Ediger and his team noticed that the molecular rearrangements are 1,000 times faster when the material is not put under stress, but plastics can adapt to various conditions meaning that they don’t break on the spot.

Plastics or polymer glasses as chemists like to call them, are just the opposite of crystal because there the molecules are perfectly arranged in a pattern, while in a glass the molecules are jumbled up which makes plastics less stable than crystal, but in a strange way gives plastics the ability to not break apart when put under stress.

“Polymer glasses are used in many, many different applications. One of the reasons polymer glasses are used is that they don’t break when you drop them or fly into a bird at 600 miles per hour,” said Ediger.

The sad part comes when plastics are put under various conditions like temperature, pressure, or humidity. Even so, aircraft engineers are looking to integrate polymer glass into next-gen airplane because they are lighter than metal. Also, it seems like plastics will also be used more in next-gen electronics if they manage to overcome their flaws.

“How is it going to respond 20 years from now when it gets twisted, or stretched, or compressed? Is it going to respond by absorbing that energy and staying intact, or is it going to respond by breaking bonds and flying apart into pieces?” are only a few of Ediger’s uncertainties.

The team of researchers from the University of Wisconsin-Madison tested a plastic material called polymethylmethacrylate.
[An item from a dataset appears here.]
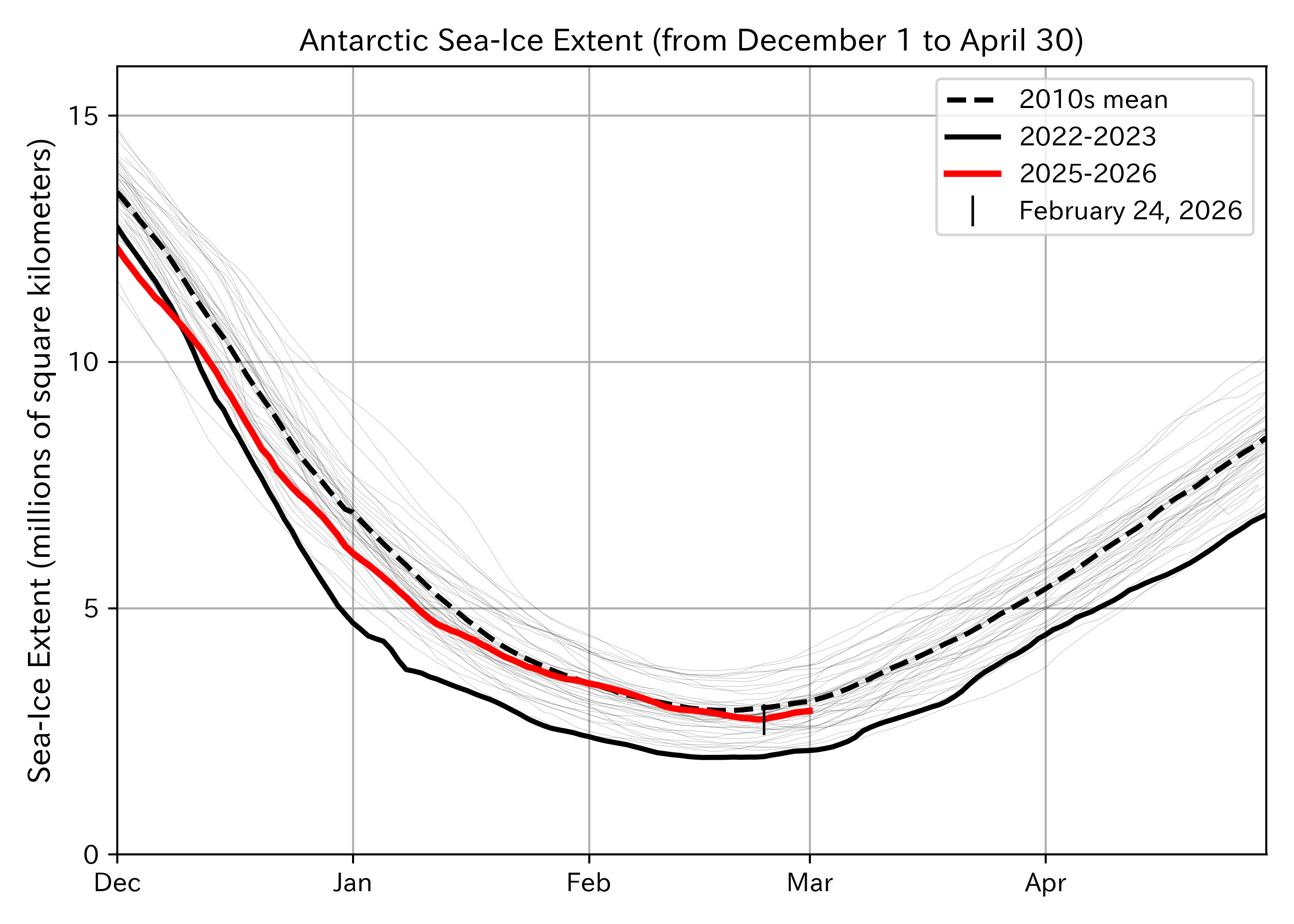 Figure 5: Antarctic sea-ice extent from December 1, 2025, to March 1, 2026 (red), compared with the previous 47 years (from December 1 to April 30). The 2022–2023 period is shown in black, and other years are shown as thin lines. The 2010s (2011–2019) mean is indicated by the black dashed line. Here, sea-ice extent was calculated using a five-day average.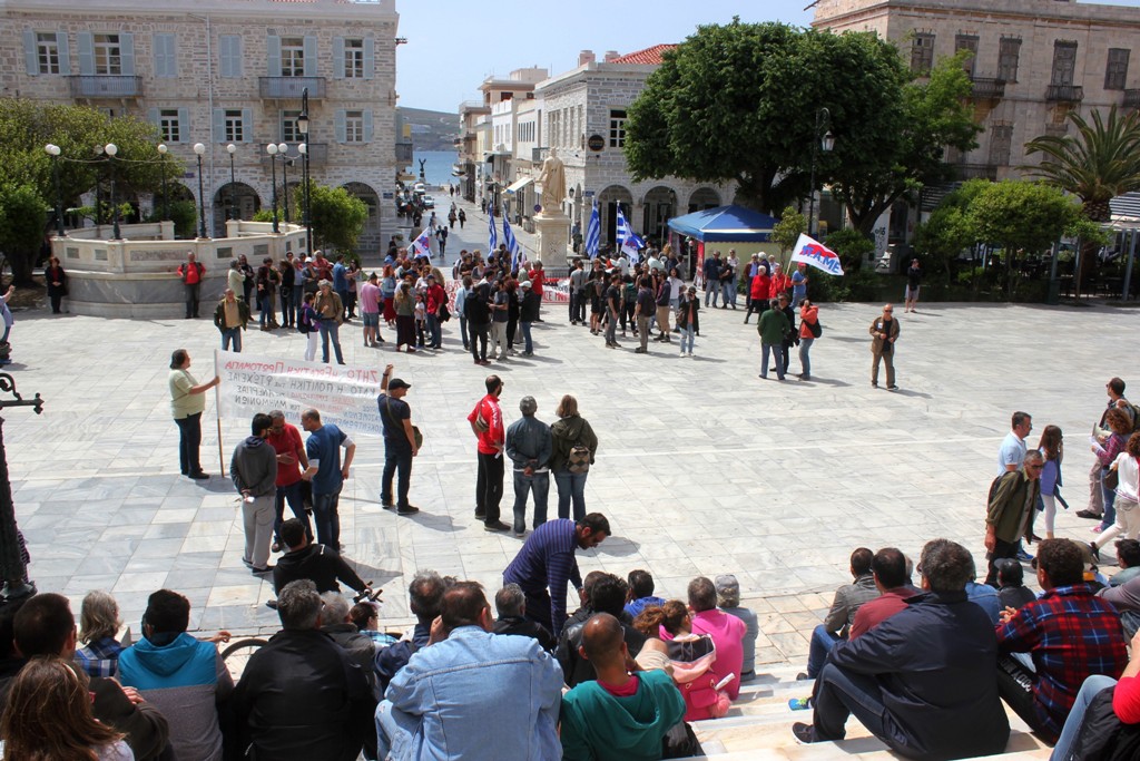 Η μικρή συμμετοχή, αλλά και η διάσπαση, ήταν τα κύρια χαρακτηριστικά των κινητοποιήσεων για την επέτειο της Εργατικής Πρωτομαγιάς, οι οποίες πραγματοποιήθηκαν το πρωί της Δευτέρας στη Σύρο.

This material is most commonly known as Plexiglas, or acrylic, and the reseachers noticed that a pulling force has an incredible effect on it, making the molecules to rearrange within 50 seconds.

“When you pull on it, you increase the mobility in the material. The act of pulling on it actually transforms the glass into a liquid that can then flow. Then when you stop pulling on it, it transforms back to a glass,” said Ediger.

The research is far from being completed, however, the team from UW-Madison already made some important discoveries. Hopefully, Ediger and his team will manage to learn more in the near future.
“When you pull on it, you increase the mobility in the material. The act of pulling on it actually transforms the glass into a liquid that can then flow. Then when you stop pulling on it, it transforms back to a glass,” Ediger concluded.